Polyester is mentioned as a thermoplastic resin which has solvent resistance. Polyesters include terephthalic acid, isophthalic acid, orthophthalic acid, 2,5-naphthalenedicarboxylic acid, 2,6-naphthalenedicarboxylic acid, 1,4-naphthalenedicarboxylic acid, 1,5-naphthalenedicarboxylic acid, diphenylcarboxylic acid, diphenoxy Ethanedicarboxylic acid, diphenylsulfonecarboxylic acid, anthracenedicarboxylic acid, 1,3-cyclopentanedicarboxylic acid, 1,3-cyclohexanedicarboxylic acid, 1,4-cyclohexanedicarboxylic acid, hexahydroterphthalic acid, hexahydroisophthalic acid, malon Acid, dimethylmalonic acid, succinic acid, 3,3-diethylsuccinic acid, glutaric acid, 2,2-dimethylglutaric acid, adipic acid, 2-methyladipic acid, trimethyladipic acid, pimelic acid, azelaic acid, dimer acid, Sebashi Acid, suberic acid, carboxylic acid such as dodecyl carboxylic acid, ethylene glycol, propylene glycol, hexamethylene glycol, 1,4-cyclohexanedimethanol, decamethylene glycol, 1,3-propanediol, 1,4-butanediol, A homopolymer formed by polycondensation of diols such as 1,5-pentanediol, 1,6-hexanediol and 2.2-bis (4′-hydroxyphenyl) propane, respectively, or one or more dicarboxylic acids A copolymer obtained by polycondensation of two or more diols, a copolymer obtained by polycondensation of two or more dicarboxylic acids and one or more diols, and a blend of two or more of these homopolymers and copolymers. Any polyester of the blend resin can be used.

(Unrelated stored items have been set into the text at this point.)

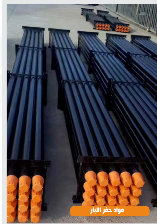
مواد حفر الآبار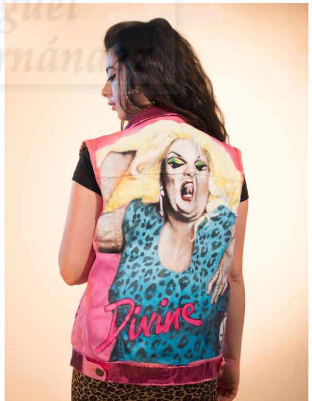
Figs. 9 y 10. Chaqueta Desierto rojo . Chaleco Divine .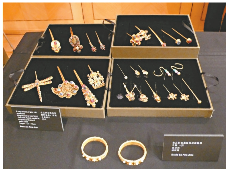
清乾隆「全副金鑲綠緞紋珍珠龍紋手鐲」一對（前）、明朝「全副金鑲珠寶髮飾組」，將在博覽會中展出

軒、季豐軒及嘉園現代藝術等。博覽會舉行期間，將同時舉辦多項展覽，包括「李華式當代水墨畫展」、「香港藝術中心三十周年獎——藝術邀請賽入圍作品展」、「香港藝術館之友私人珍藏展」、「中文大學藝術系展」等，並有一連串學術講座，講者包括舊金山亞洲藝術博物館館長許傑、亞洲藝術博物館中國藝術高級館長倪明昆等，討論亞洲藝術在國際藝壇上的新趨勢。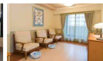
リラックスしていただくためのコーナーをご用意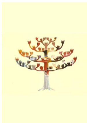
Slika 3: Nenavadno drevo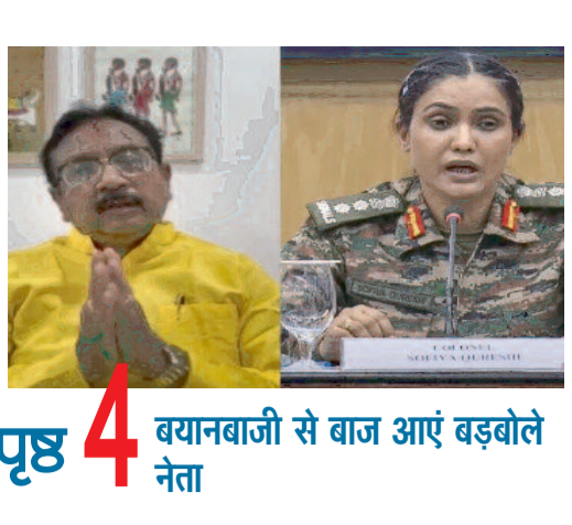
पृष्ठ 4 बयानबाजी से बाज आए बड़बोले नेता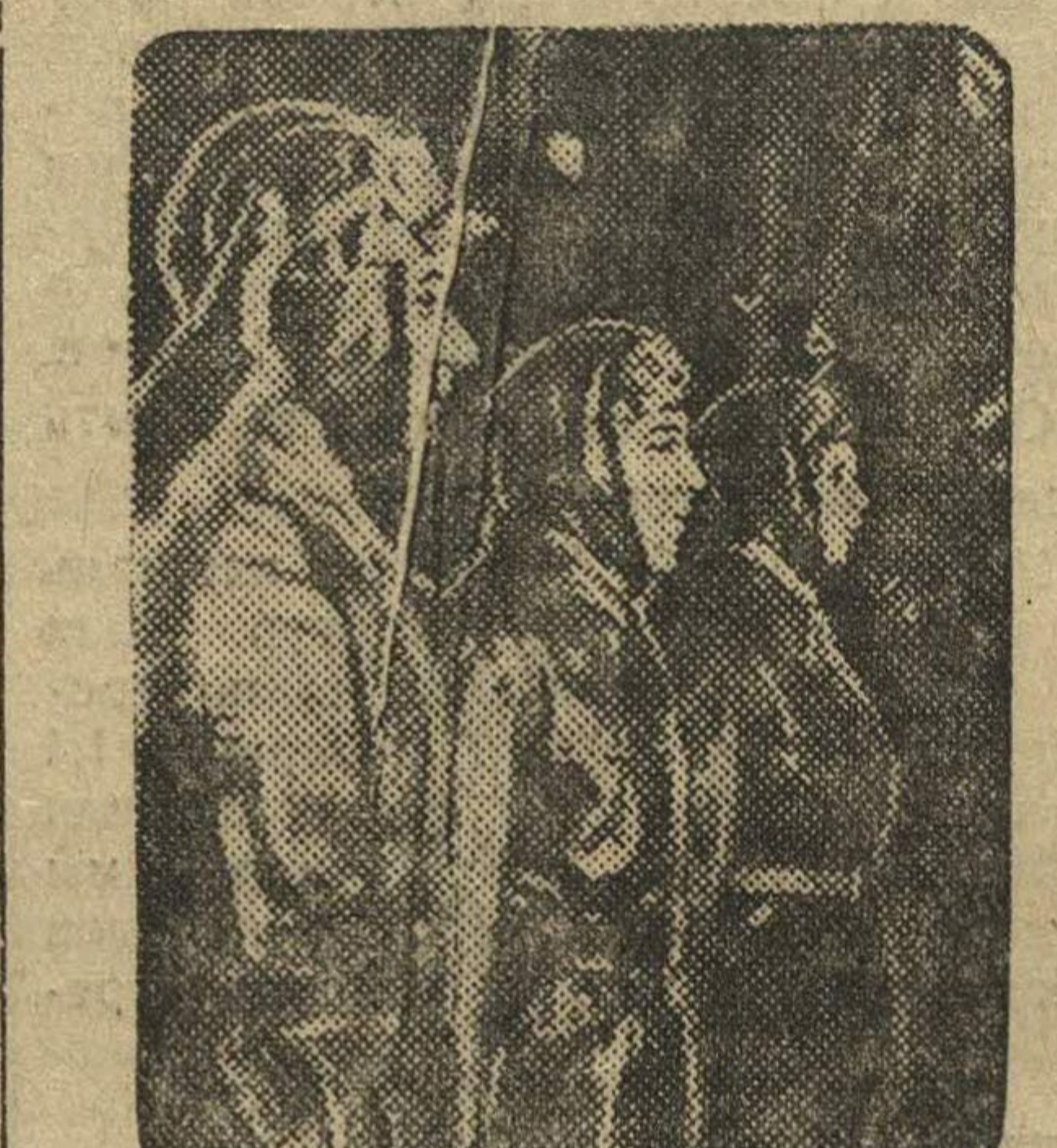
Красноармейцы и командный состав N-ской части приветствуют III краевой съезд советов.

♦♦ В своем докладе тов. Карпов отмечает, что годы от II к III краевому съезду советов отмечены значительными достижениями в области народного здравоохранения. Но тем не менее — подчеркивает тов. Карпов, — мы отстаем от все возрастающих потребностей рабочих и колхозников. Если количественно мы выросли, то качественно наша работа еще чрезвычайно отстает.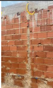
Foto 35 - Pontos de instalação sanitária e hidráulica, no sanitário infantil do bloco B. Detalhe de registro de gaveta 3/4".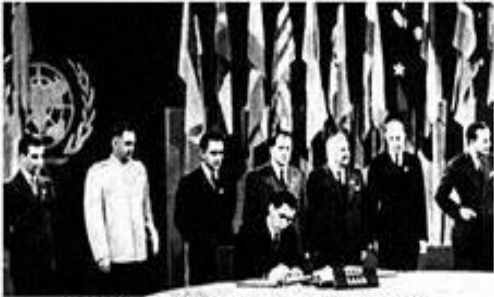
А. А. Громыко подписывает Устав ООН. Сан-Франциско. 26 июня 1945 года.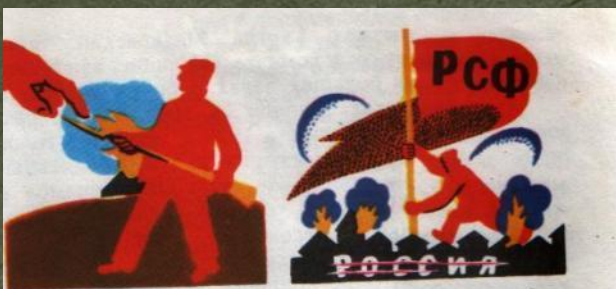
1. ШТЫК КРАСНОГВАРДЕЙЦА ВОЗМОЖНОСТЬ ДАЛ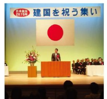
建国を祝う集い(2月11日)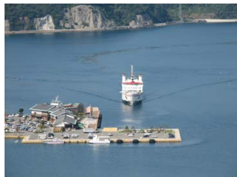
海士町の玄関口、菱浦港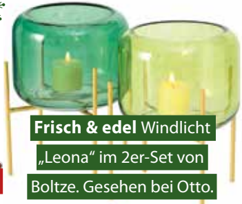
Frisch & edel Windlicht „Leona“ im 2er-Set von Boltze. Gesehen bei Otto.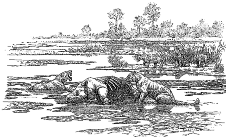
Fig. 3.—Reconstrucción de la fauna de mamíferos del Cerro de los Batallones, mostrando el posible origen de la acumulación de los huesos

Recibido el 30 de enero de 1992 Aceptado el 21 de febrero de 1992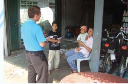
สาขาที่ 113 สำนักงานประปาศรีเชียงใหม่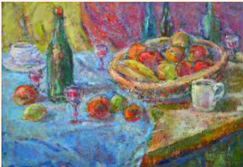
Martwa natura – olej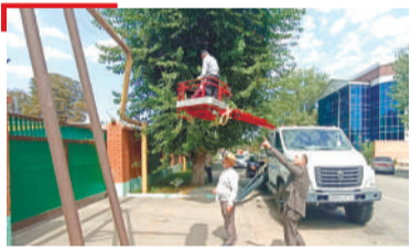
ДЕЗА ДЕНОШ ХьатІадоагІача цІайга кийчо еш ба Илдарха-ГІалий тІа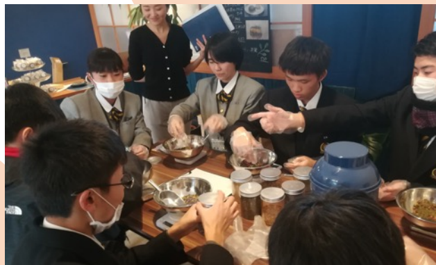
日本茶フレーバーティーOCHACCO

各地域で興味深い取り組みをたくさん見学することができました。生徒たちからは、「被災地であることや人口減少の問題など、大槌町と似ているところがあった」「新しい仕事を生み出すことによって町が活性化されていくことがわかった」といった感想がありました。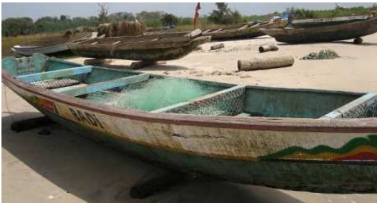
Pirogue en planche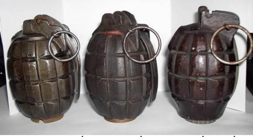
צילום של רימוני מיילס אורגינאליים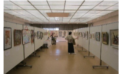
昨年度のアートフェアの様子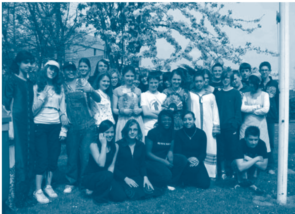
De leerlingen van de Middenschool te Sint-Truiden

Hoe kunnen we dan onze boodschap verkondigen? Wat is universeel? Meteen werd er gedacht aan de media: TV en radio.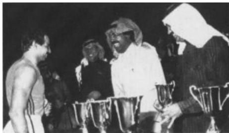
Le Cheik Fahid Al-Ahmad Al-Sabah récompensant les meilleurs athlètes de son pays.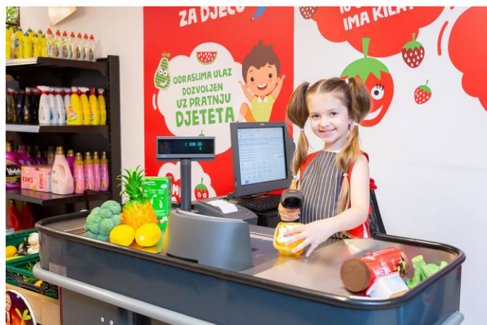
Slika 4. Tematska kućica Konzum prodavaonica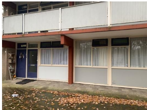
Verzetslaan 2 t/m 138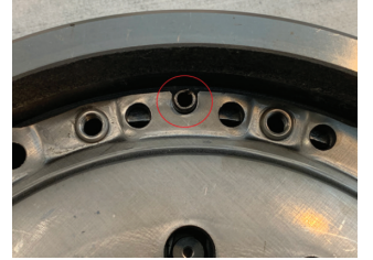
Şekil 2: Doğru Montaj

Debriyaj sistemine zarar vermektten ve gereksiz onarım çalışmalarından kaçınmak için rijit volan yüzeyindeki pim, debriyaj baskı plakasındaki merkezleme kanalına denk gelecek şekilde hizalanmalıdır.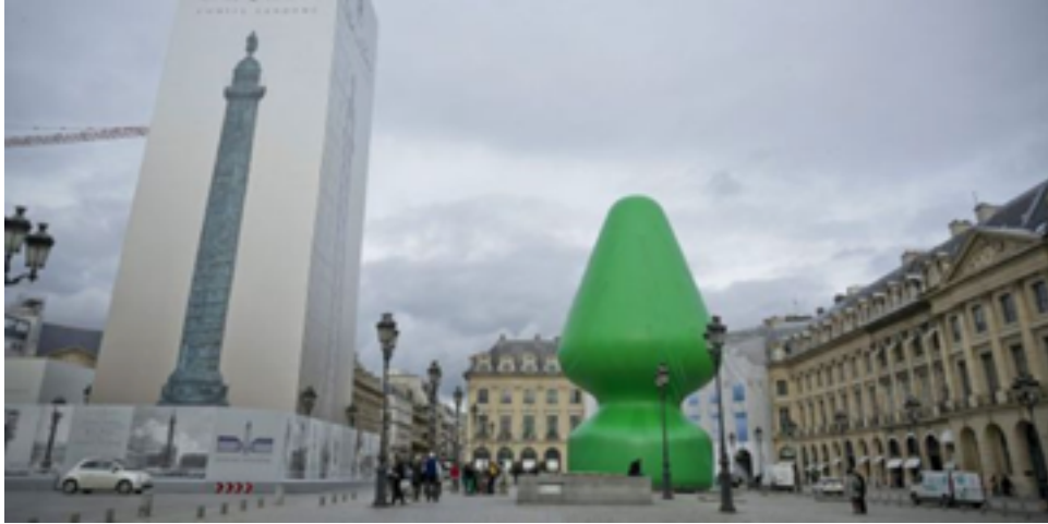
Paul McCarthy, Tree , sculpture gonflable, place Vendôme, Paris, 2014.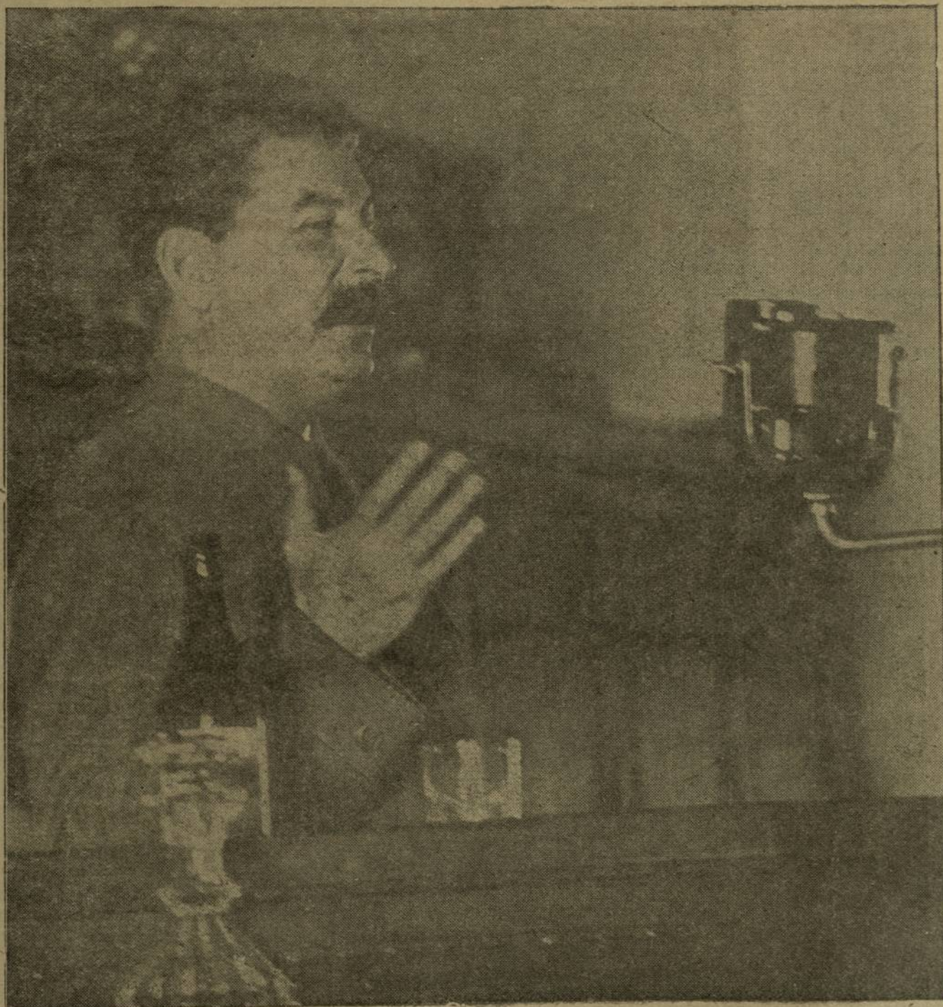
Укерчек синче: Пётём Союзри Советсен Чрезвычайла VIII-меш сйесёнке И. В. СТАЛИН йулташ ССРС Кон- ституци проекчё синчен доклад таваф.

ССР СОЙУЗЁН СТАЛИНЛА КОНСТИТУЦИЙЁ—ОКТАБЁРТИ СОЦИАЛИСАМЛА РЕВОЛЪУЦИ КЁРЕШЁВЁПЕ ФЁНТЕРЁВЁСЕН ИТОГЁ. СОЦИАЛИСАМ ФЁНТЕРЁВЁН ТАТА РАБОЧИСЕМПЕ ХРЕСЧЕНСЕН ДЕМОКРАТИН КОНСТИТУЦИЙЁ СЫВА [ПУЛТАР!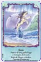
Janie ○11/55 ◆S11/55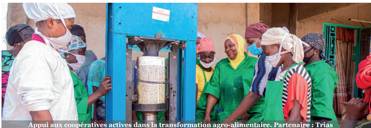
Appui aux coopératives actives dans la transformation agro-alimentaire. Partenaire : Trias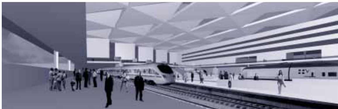
Recreación del proyecto seleccionado. Interior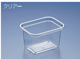
EC チョウカク-300B リブツキ (BC)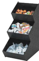
⑬ポーションオーガナイザー 3段 切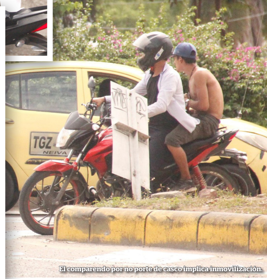
El comparendo por no porte de casco implica inmovilización.

mayo 5.079 y junio, 4.610. Como se puede observar, el mes de mayor imposición de órdenes fue mayo. En los últimos tres años, fue el 2020 el que más registró comparendos pues para el mes de junio se realizaron 6.830 para un total 28.979 órdenes durante el primer semestre.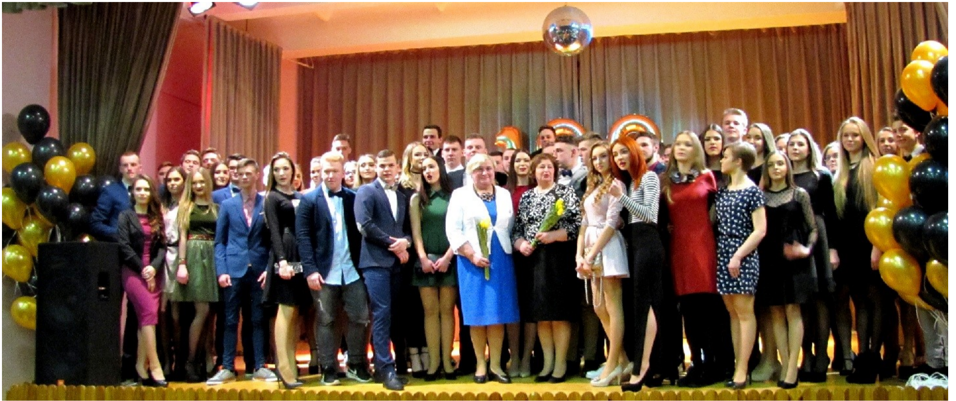
12-okai su klasės vadovėmis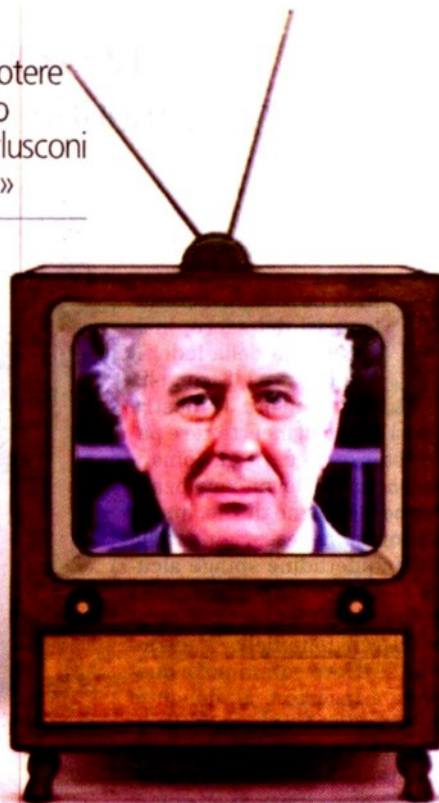
Frame del video con un Berlusconi a fumetti nel lancio sul web di Servizio pubblico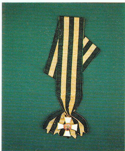
Знак ордена Св. Георгия 1-й степени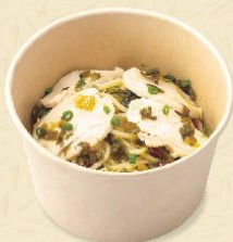
101. 桜姫鶏と高菜の ピリ辛おだしパスタ 🍴 🌶️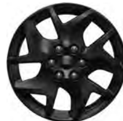
17" OBRĘCZE ZE STOPÓW LEKKICH Standard dla wersji SPORT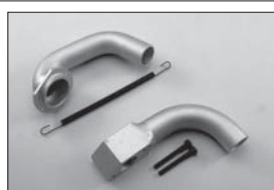
マニホールド(OS-RZ, ピコ, ノバロッジ) Manifold (OS-RZ, Picco, Nova Rossi) No.39514 ★3150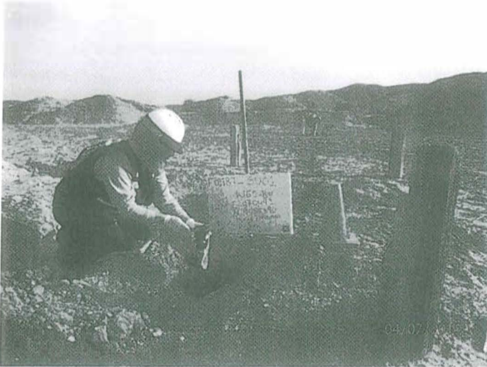
Fotografía N° 1. Toma de muestra de suelo en el punto F01187-SU01, ubicado a 2 m aproximadamente del Pozo T3758.

"Decenio de las Personas con Discapacidad en el Perú" "Año de la Promoción de la Industria Responsable y del Compromiso Climático"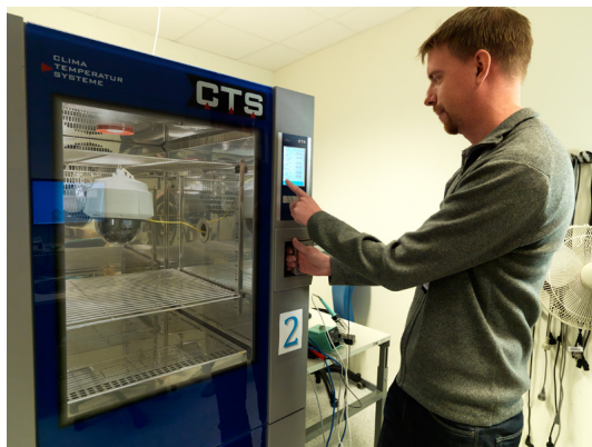
Figure 6. Prueba de temperatura en una cámara climática.

Las pruebas climáticas en laboratorio se realizan en cámaras climáticas, donde pueden simularse varios tipos de temperaturas y climas. Las pruebas se llevan a cabo con un margen de \pm 15 °C con respecto a los valores máximo y mínimo del rango de temperatura de funcionamiento. El rango de humedad va de 0 a 100 %.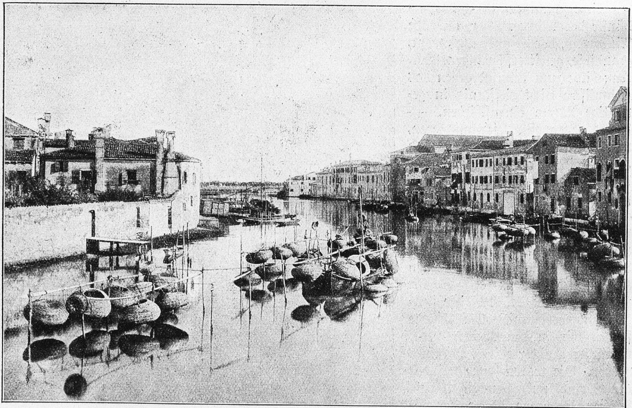
Das Fischer-Quartier in Venedig.

Die Begeisterung zu Lichterscheinung und Farbe war den Venetianern so im Blute, daß schon aus diesem Grunde ihre aufmerksame Pflege mehr der Malerei als der Skulptur zugeneigt war. Diese Stadt steht unter dem Himmel wie unter einer eng sie umschließenden Kristallglocke. Ihre Paläste bedürfen nur der Kanalseite zu einer schönen Fassade, diese ist dicht an das Wasser gerückt, denn es ist kein Platz da zum Verschwinden, hintenherum ist nur Raum für eine schmale Gasse. Auf Inseln zusammengestückt, zu notwendiger praktischer Ausnützung vorhandenen Raumes gedrängt, war der freien Entfaltung plastischen Denkens und plastischer Raumphantasie eine unüber-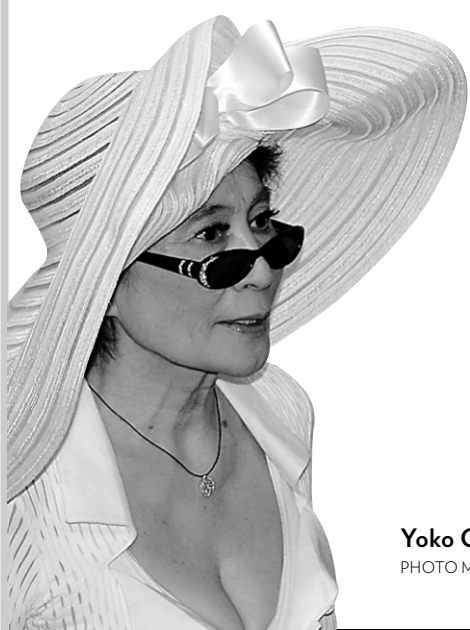
Yoko Ono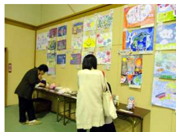
作品展示コーナー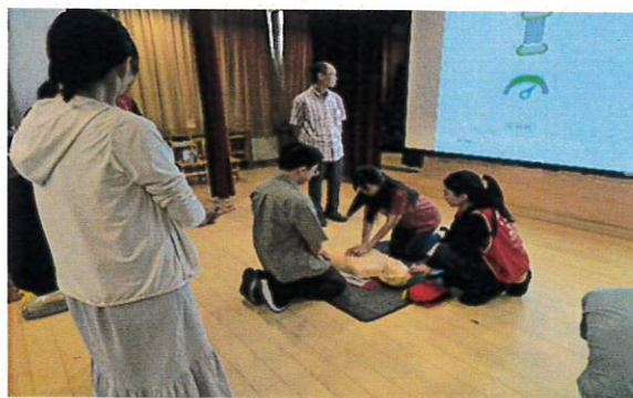
AED 及 CPR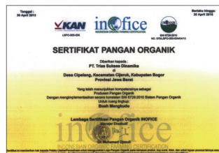
▲ 無農薬・有機栽培の証

そのインドネシア産の天然ノニ100%のフレッシュジュースに、酸味と甘みのバランスがとれたパイナップルとブドウの果汁や、カロリーゼロの甘味料である羅漢果(ラカンカ)エキスを加えて味を調整しています。ノニ本来の味を損なうことなく美味しい仕上がりになっていますので、安心してお召し上がりいただけます。

The polyester film made of the polyester preferably has a high crystallization rate so that the polyester film does not shrink even when an organic solvent for diluting the organic resin constituting the light diffusion layer 1b and the anti-sticking layer 1c is attached. On the other hand, in order to dry and solidify after applying the light diffusing layer 1b and the anti-sticking layer 1c, it is transported by the applied tension when passing through the heating oven with a slight tension necessary for transporting the film. It is conflicting that it is preferably uniaxially oriented and stretched in the direction, and heat-fixed when passing through a heating oven to produce oriented crystals, so that the crystallization rate is low so as not to increase the phase difference of the film. Characteristics are required.
Examples of the polyester film satisfying these contradicting properties include ethylene terephthalate / ethylene isophthalate copolymer, butylene terephthalate / butylene isophthalate copolymer, polyethylene terephthalate, and polybutylene terephthalate.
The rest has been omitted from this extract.